* The data:
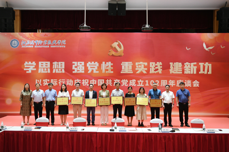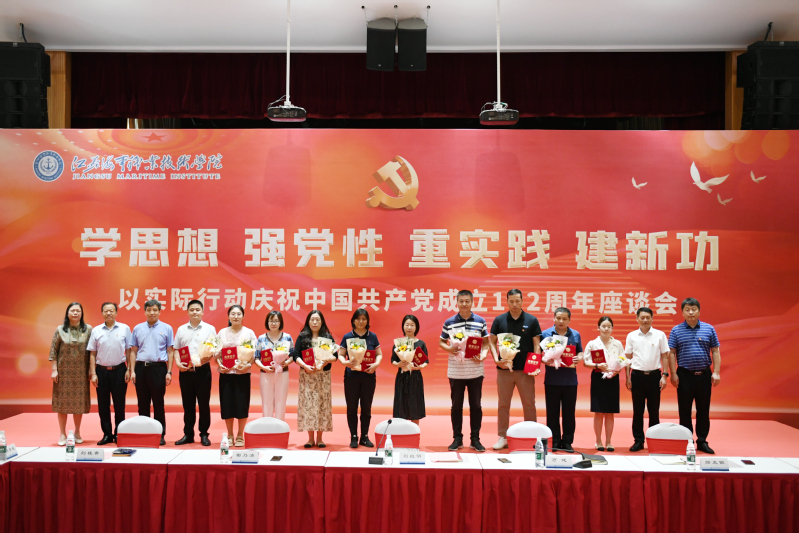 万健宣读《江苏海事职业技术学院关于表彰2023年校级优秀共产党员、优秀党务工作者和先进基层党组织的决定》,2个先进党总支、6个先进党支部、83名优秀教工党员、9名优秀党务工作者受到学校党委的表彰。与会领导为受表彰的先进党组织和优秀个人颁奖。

---

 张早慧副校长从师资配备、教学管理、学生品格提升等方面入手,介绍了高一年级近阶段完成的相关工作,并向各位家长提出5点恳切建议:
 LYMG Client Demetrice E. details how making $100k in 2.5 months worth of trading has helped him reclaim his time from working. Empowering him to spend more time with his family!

* Aim of the exercise:
Above are some records; copy exactly the lines from the one with "张早慧副校长从师资配备、教学" through the one with "LYMG Client Demetrice", both included, and no others.

* Result below:
 张早慧副校长从师资配备、教学管理、学生品格提升等方面入手,介绍了高一年级近阶段完成的相关工作,并向各位家长提出5点恳切建议:
 LYMG Client Demetrice E. details how making $100k in 2.5 months worth of trading has helped him reclaim his time from working. Empowering him to spend more time with his family!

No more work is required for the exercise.